実子と養子

 ある街で金持と、彼の経営する工場で働く従業員の元に男の子が産まれる。

 不幸な事に両人の妻は出産直後に亡くなってしまった。

 妻を亡くした哀しみのあまりその従業員は忌引明けに重機械を誤操作してしまい下敷きになる。即死だった。まだ名前も付けられていない従業員の子は父親の死により天涯孤独となる。

 金持は部下の子の引き取り手が居ない事を知り、お互い子と引き換えに妻を亡くした者として、亡くなった従業員の子を哀れに思い引き取った。金持は実子を甲一、養子を乙二と名付けて育て始めた。


 甲一と乙二の二人は金持の庇護の元すくすくと育った。生まれた日が同じ男児二人、仲良く成長していった。成績は五十歩百歩、風貌も性格も似たりよったりで進路も同じだった。

 二人は同じ夢を見た。それは父親が携わっているのとは別の業界での成功であり、大学を出たら起業しようと決め、切磋琢磨して勉学に一層励むのだった。


 しかしここで兄弟は経営戦略を異にする。それは平行線でお互い一歩も譲る事無く、何度も舌戦を展開したがどうしても解りあえず、互いを不倶戴天の敵として袂を分かつ程であった。

 大学を卒業する前年、兄弟は父に自分達の進路を告げる。出資を募る為である。

 それまで二人を分け隔てなく育てていた金持の父親はここで対応を変えた。息子達に向かって曰く。

「お前達の夢は解った。若い内に挑戦すると良い。甲一は我が実子だから卒業したら一億円出資しよう。乙二は養子だから出資しない。大学を出たら好きにしろ」


 こうして親から多額の出資を受けた実子の甲一は残りの学生生活を優雅に過ごす。

 一銭も援助を受けられなかった養子の乙二はバイトを掛け持ちし必死になって開業資金を稼ぎつつ単位ぎりぎりで何とか卒業に漕ぎ着けた。汗水垂らして掻き集めた開業資金は百万円になった。

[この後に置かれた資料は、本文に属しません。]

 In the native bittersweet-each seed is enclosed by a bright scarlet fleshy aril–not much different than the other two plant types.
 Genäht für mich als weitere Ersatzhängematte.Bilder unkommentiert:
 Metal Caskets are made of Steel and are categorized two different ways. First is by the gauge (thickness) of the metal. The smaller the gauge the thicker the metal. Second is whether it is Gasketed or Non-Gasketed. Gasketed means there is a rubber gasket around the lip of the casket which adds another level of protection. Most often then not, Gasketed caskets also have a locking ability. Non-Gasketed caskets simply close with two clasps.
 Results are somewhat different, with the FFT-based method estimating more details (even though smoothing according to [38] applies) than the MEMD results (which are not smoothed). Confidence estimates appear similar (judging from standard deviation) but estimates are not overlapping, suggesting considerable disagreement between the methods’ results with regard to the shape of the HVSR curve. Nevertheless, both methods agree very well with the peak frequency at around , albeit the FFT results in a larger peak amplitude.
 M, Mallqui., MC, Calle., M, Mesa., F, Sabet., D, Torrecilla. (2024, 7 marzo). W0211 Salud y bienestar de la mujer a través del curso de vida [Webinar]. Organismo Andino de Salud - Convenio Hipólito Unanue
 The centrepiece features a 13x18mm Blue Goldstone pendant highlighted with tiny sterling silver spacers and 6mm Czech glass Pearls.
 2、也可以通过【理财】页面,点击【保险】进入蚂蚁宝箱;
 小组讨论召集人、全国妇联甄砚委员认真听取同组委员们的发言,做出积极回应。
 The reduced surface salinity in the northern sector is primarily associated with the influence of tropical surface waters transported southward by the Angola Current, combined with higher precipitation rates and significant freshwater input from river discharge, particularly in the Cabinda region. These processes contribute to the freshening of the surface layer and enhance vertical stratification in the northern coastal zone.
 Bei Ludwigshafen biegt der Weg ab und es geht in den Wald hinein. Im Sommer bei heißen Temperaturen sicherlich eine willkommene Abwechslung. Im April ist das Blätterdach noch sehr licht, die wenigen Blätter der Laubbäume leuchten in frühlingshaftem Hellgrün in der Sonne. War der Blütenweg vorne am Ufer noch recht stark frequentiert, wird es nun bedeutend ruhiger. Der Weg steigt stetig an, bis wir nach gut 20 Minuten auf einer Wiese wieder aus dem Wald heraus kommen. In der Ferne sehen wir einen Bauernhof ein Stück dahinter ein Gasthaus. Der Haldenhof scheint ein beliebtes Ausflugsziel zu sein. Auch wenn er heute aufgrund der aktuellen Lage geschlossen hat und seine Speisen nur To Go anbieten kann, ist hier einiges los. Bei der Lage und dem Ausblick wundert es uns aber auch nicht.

 兄弟は大学を卒業後、直ちに開業した。甲一は親から貰った一億円でそれなりの会社を興し、乙二は汗水垂らして稼いだ百万円を元手にして小さい事務所を構えた。

 同じ業界で一年間経営し決算を向かえた時、甲一は出資金一億円が二億円になっていた。対して乙二は元手の百万円を一千万円に増やしていた。

 二人の息子の成績を聞いて父親の金持が嘆息しながら漏らした。

「私は経営者なのに自分の息子の才覚も見抜けなかった。乙二に一億円出資していれば今頃十億円に増やしていただろうに」


 このように与えられた物が少ない者は大きな伸びしろがあるので、多くを与えられた者を妬んではいけないのだ。